What you are asked to do |
Pictures are not part of the answer. Return the lines from the one containing "L’alimentari, il laboratorio" through the end of the data, both included, exactly as they appear.

#### Given data ####

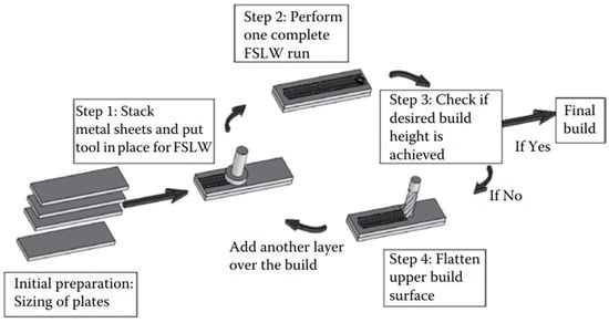 - Flattening of the upper surface: If the required build height is not made, the deposition of new layers over the build is needed. Therefore, the upper surfaces of the previously fabricated layers are flattened in order to remove the flash that occurred during FSLW. After surface preparation, a new sheet/plate is placed over the top layer. Then, steps 2–4 are repeated until the desired height of the build is provided [75].
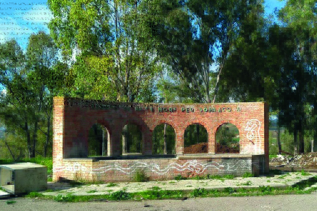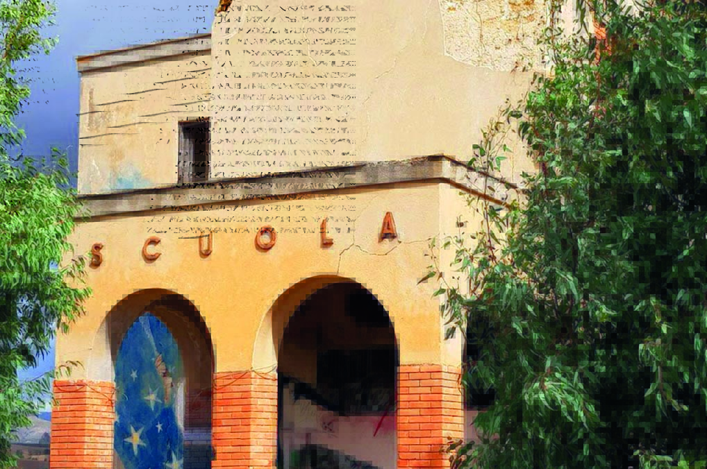 L’alimentari, il laboratorio anti-malarico, lo studio medico restano ancora in piedi, con le insegne ancora visibili e la tipica architettura del regime. Sulla facciata del municipio è ben leggibile la sigla “ECLS”, Ente di Colonizzazione del Latifondo Siciliano. Il piano superiore dell’edificio ospitava la sede del Partito Nazionale Fascista. La scuola è ubicata in fondo alla strada di accesso. Al suo fianco si erge la torre littoria, che un tempo ospitava con molta probabilità un serbatoio di acqua potabile. Caratteristica la fontana sormontata da mattoni rossi, che fungeva da abbeveratoio, sulla quale campeggia la scritta:
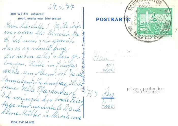 Weifa Ortsansicht Weifa postalisch gelaufen 1977 Erhaltung siehe scans [WerneD78] WernPID7
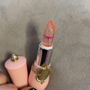 The packaging is so cute. The lipstick is scented like strawberries. The color is very pretty. I really love it.

####

Exercise output |
 L’alimentari, il laboratorio anti-malarico, lo studio medico restano ancora in piedi, con le insegne ancora visibili e la tipica architettura del regime. Sulla facciata del municipio è ben leggibile la sigla “ECLS”, Ente di Colonizzazione del Latifondo Siciliano. Il piano superiore dell’edificio ospitava la sede del Partito Nazionale Fascista. La scuola è ubicata in fondo alla strada di accesso. Al suo fianco si erge la torre littoria, che un tempo ospitava con molta probabilità un serbatoio di acqua potabile. Caratteristica la fontana sormontata da mattoni rossi, che fungeva da abbeveratoio, sulla quale campeggia la scritta:
 Weifa Ortsansicht Weifa postalisch gelaufen 1977 Erhaltung siehe scans [WerneD78] WernPID7
 The packaging is so cute. The lipstick is scented like strawberries. The color is very pretty. I really love it.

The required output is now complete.